Hace cuarenta años el gran periodista Manu Leguineche dio la vuelta al mundo a bordo de un Toyota Land Cruiser de su época, pero los tiempos han cambiado: el nuevo Land Cruiser KXR es ahora el medio de transporte de una nueva aventura alucinante.
Sevilla ha visto partir, el pasado 2 de Agosto, la expedición que recorrerá más de 85.000 Km. a lo largo de 63 paises y durante los próximos dos años. Después de varios años planificando el viaje, ha llegado la hora de la verdad.
Todos los medios de comunicación andaluces y muchos nacionales se han hecho eco de la noticia tras la rueda de prensa organizada en el Club Antares de la ciudad hispalense.
-Al subir al KXR, con el motor ya en marcha, nos inquietaba imaginar a qué horizontes va a conducirnos… una sensación inolvidable-.
La expedición ha atravesado la península ibérica pasando por la capital de España y se ha detenido en la ciudad de Palencia donde tuvo lugar una despedida emocionante en el mirador de Tierra de Campos de Autilla del Pino. Familiares, amigos y lugareños han mostrado todo su cariño en este punto tan especial del camino.

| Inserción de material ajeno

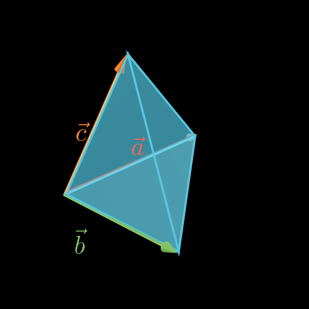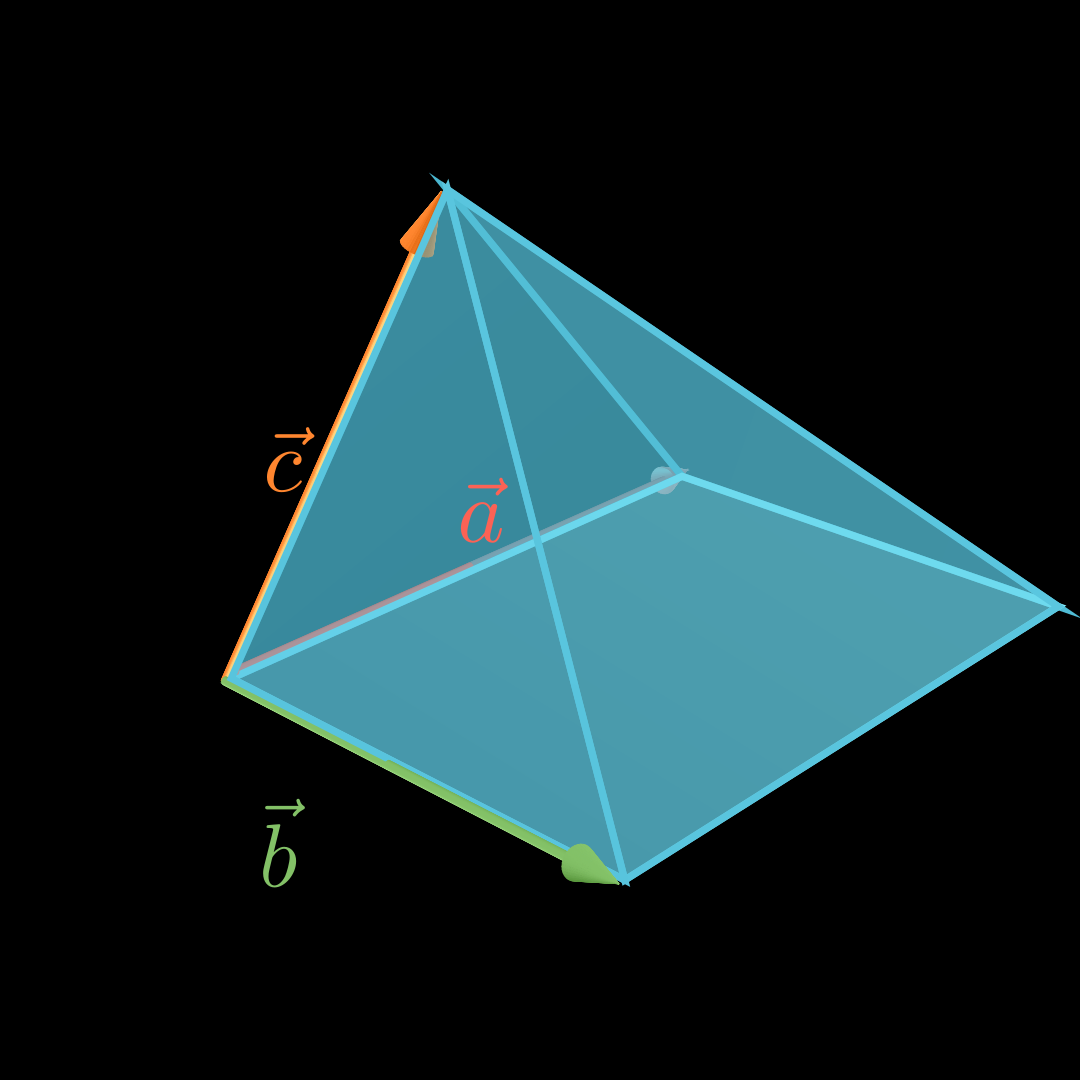 Für das Volumen V V V einer Pyramide mit dreieckiger Grundfläche, die von den Vektoren a ⃗ , b ⃗ \vec a, \vec b a , b und c ⃗ \vec c c aufgespannt wird, gilt:
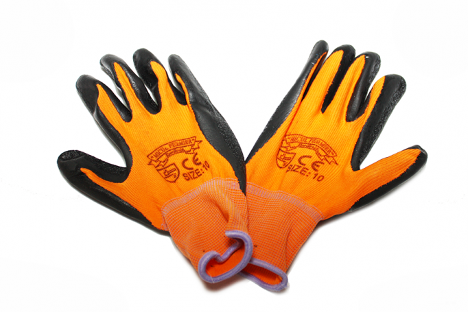 Manusi protectie din material textil si cauciuc, pentru gradinarit, culoare portocaliu/negru (diferite culori), Micul Fermier GF-1118
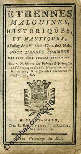 P 769 T 460 | Les Etrennes Malouines - Historiques et Nautiques | Relié | L. H. Hovius | 1790 | |||||||||||||||||||||||||||||
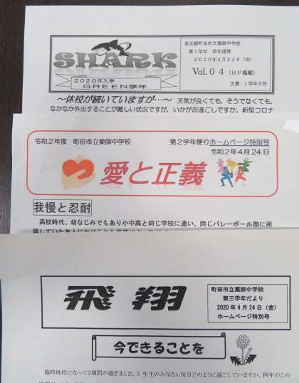 毎週発行していた学年便りですが、休業日となって生徒の皆さんにお届けできないので今回はホームページに掲載しました。トップページの「学年・学級便り」で各学年の便りをご覧ください。
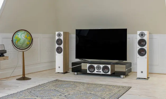 DALI setzt beim OBERON 5 auf die hauseigene Mischung aus Leichtigkeit und Kontrolle. Zwei 13-cm-Tiefmitteltöner mit Holzfaser-Membran sorgen für Tempo, Textur und ein erstaunlich solides Fundament, ohne den Raum zu überlasten. Die groß dimensionierte Gewebehochtoneinheit bringt Luft und Glanz, bleibt dabei aber stets seidig – genau richtig für lange Abende und anspruchsvolle Aufnahmen. Das breitbandige Abstrahlverhalten macht den Hörplatz großzügig: Man sitzt nicht „festgenagelt“, sondern hört entspannt – allein oder zu zweit, Sofa oder Esstisch.
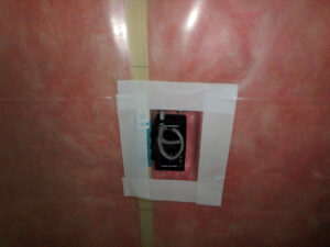 ・配管貫通部には「ドームパッキン」という商品を取付けて、周囲を防水テープで張ります。この方法は防水対策にもなります。(室内と室外の両方です)
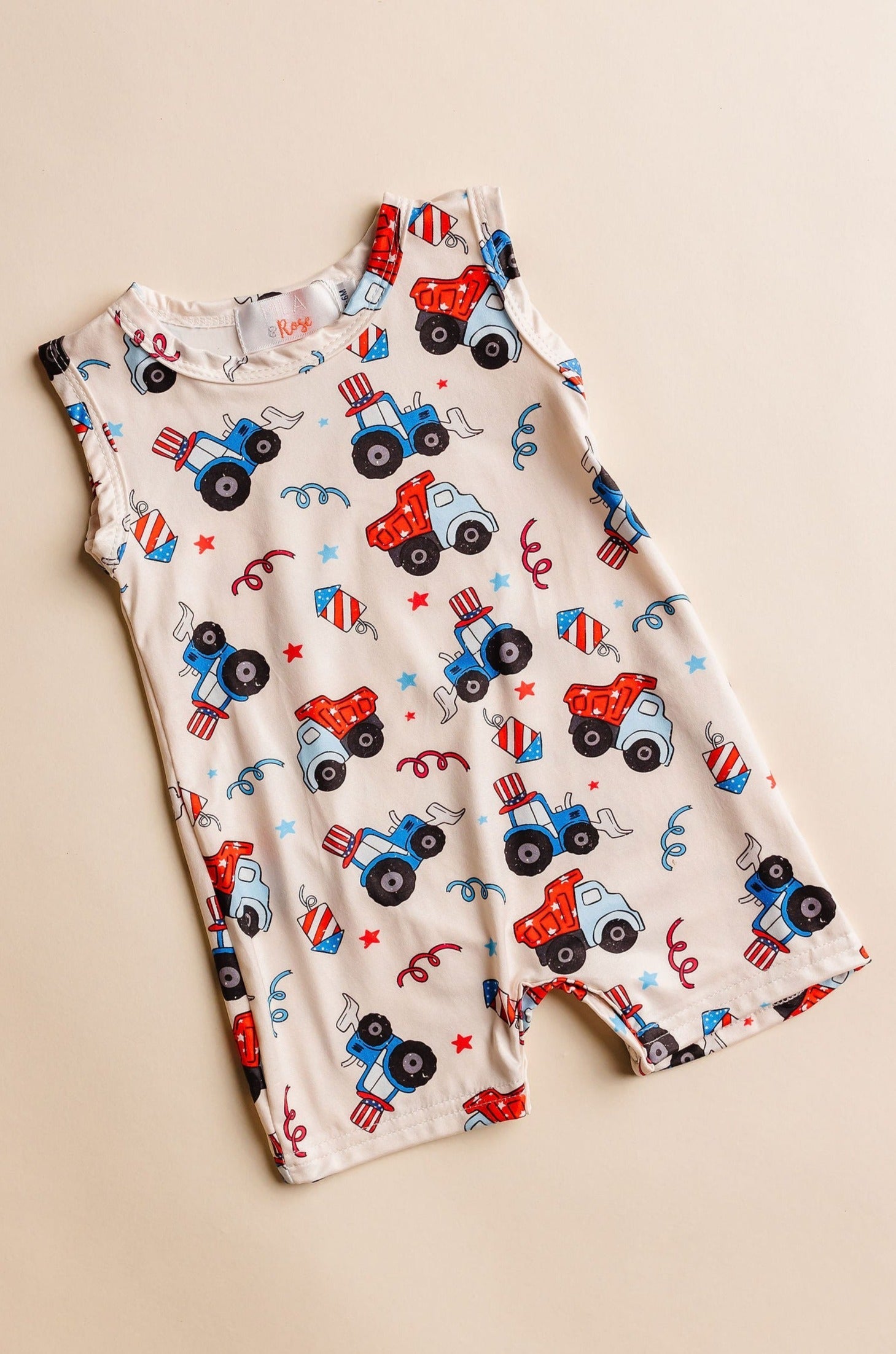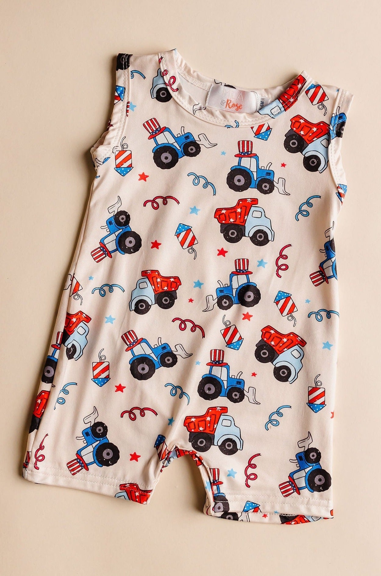 4th of July Tractor Shorty Romper ** FINAL SALE **

San Sebastián fue nuestra última ciudad de paso por España. Allí sentimos el vértigo de dejar nuestra patria y a nuestra gente por tanto tiempo. Llevamos en el recuerdo y como un tesoro la calurosa despedida de los amigos de las distintas ciudades de nuestro país.
Al otro lado de la frontera nos esperaba la primera sorpresa: el Château Lascombes nos abrió sus puertas como invitados de excepción. Nuestro Toyota cruzó la región de Burdeos entre los mejores viñedos del mundo para llegar a Margaux, localidad donde se encuentra el castillo con sus espectaculares bodegas y sus increíbles vinos, de los cuales, lógicamente dimos buena cuenta...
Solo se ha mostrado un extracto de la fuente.